É por isso que a notícia interessa muito além do mercado de tecnologia. O que está em jogo é o modelo de futuro digital que será imposto ao resto do mundo.
De um lado, as grandes empresas de tecnologia dos Estados Unidos tentam consolidar um novo ciclo de concentração, usando a inteligência artificial como justificativa para ampliar escala, lucro e controle sobre dados. De outro, países do Sul Global buscam alternativas, seja por meio de políticas industriais, seja por investimentos públicos em pesquisa, computação e conectividade.
A China é hoje o exemplo mais visível dessa disputa. O país vem combinando planejamento estatal, formação científica e capacidade industrial para reduzir dependência externa em áreas estratégicas como chips, telecomunicações, energia e inteligência artificial.
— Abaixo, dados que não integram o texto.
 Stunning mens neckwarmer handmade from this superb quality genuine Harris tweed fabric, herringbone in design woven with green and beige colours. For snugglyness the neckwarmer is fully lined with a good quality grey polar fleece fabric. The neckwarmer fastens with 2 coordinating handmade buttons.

O contraste com o modelo das grandes plataformas é importante. Enquanto conglomerados privados cortam empregos para inflar sua corrida tecnológica, projetos nacionais mais estruturados tendem a articular inovação com planejamento de longo prazo, produção material e metas de soberania.
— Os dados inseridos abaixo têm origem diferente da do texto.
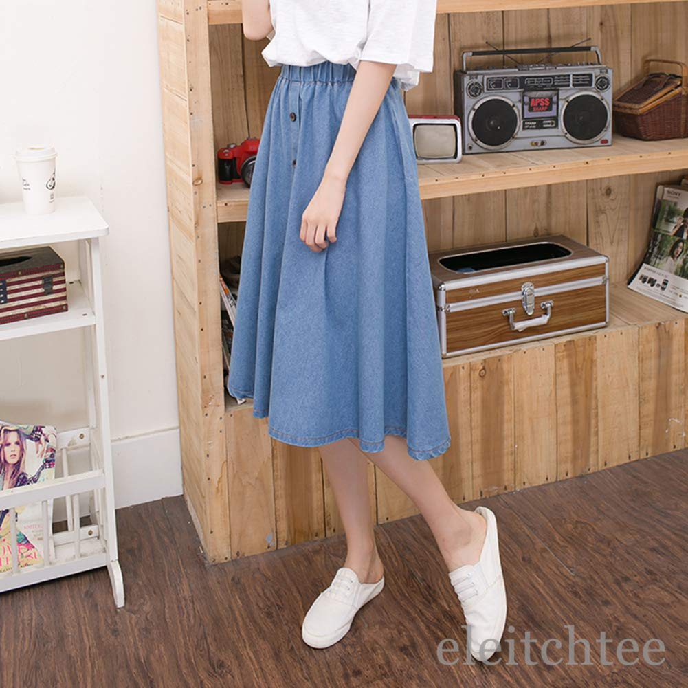 [eleitchtee] [LHT]デニムスカート レディース ウエストゴム フレア aライン ミモレ丈 体型カバー ゆったり カジュアル 通勤 通学

No caso da Meta, a lógica é outra. A empresa busca convencer o mercado de que pode competir com rivais como Microsoft, Google e Amazon na guerra da inteligência artificial, mesmo que isso implique desmontar pedaços do negócio que ontem eram vendidos como o futuro inevitável da internet.
A reportagem do The Verge destaca ainda que a Meta fechou um acordo para usar o primeiro processador central da Arm em seus centros de dados. O detalhe técnico ajuda a mostrar como a corrida da inteligência artificial está deslocando o eixo das empresas para a infraestrutura pesada, muito além dos aplicativos que o público vê na tela.
Para o trabalhador comum, a mensagem é dura. A promessa de inovação, frequentemente apresentada como avanço universal, costuma chegar acompanhada de demissões, reestruturações e aumento da concentração de poder.
Para países como o Brasil, a lição é ainda mais clara. Não basta celebrar a inteligência artificial como moda ou tendência inevitável.
É preciso discutir quem controla a infraestrutura, onde ficam os centros de dados, quem produz os chips, quem fornece energia e quais políticas públicas podem evitar nova dependência tecnológica. Sem isso, a chamada revolução da inteligência artificial corre o risco de aprofundar a subordinação digital do Sul Global.
A Meta está cortando empregos para financiar sua nova ofensiva tecnológica. O mercado pode aplaudir a troca de prioridades, mas o episódio deixa um recado importante: a corrida da inteligência artificial, sob comando das grandes plataformas, não é neutra, nem socialmente indolor, nem geopoliticamente inocente.
Ela reorganiza empresas, destrói postos de trabalho e concentra ainda mais poder em poucas mãos. E é justamente por isso que o debate sobre tecnologia precisa sair do marketing corporativo e entrar de vez no terreno da soberania.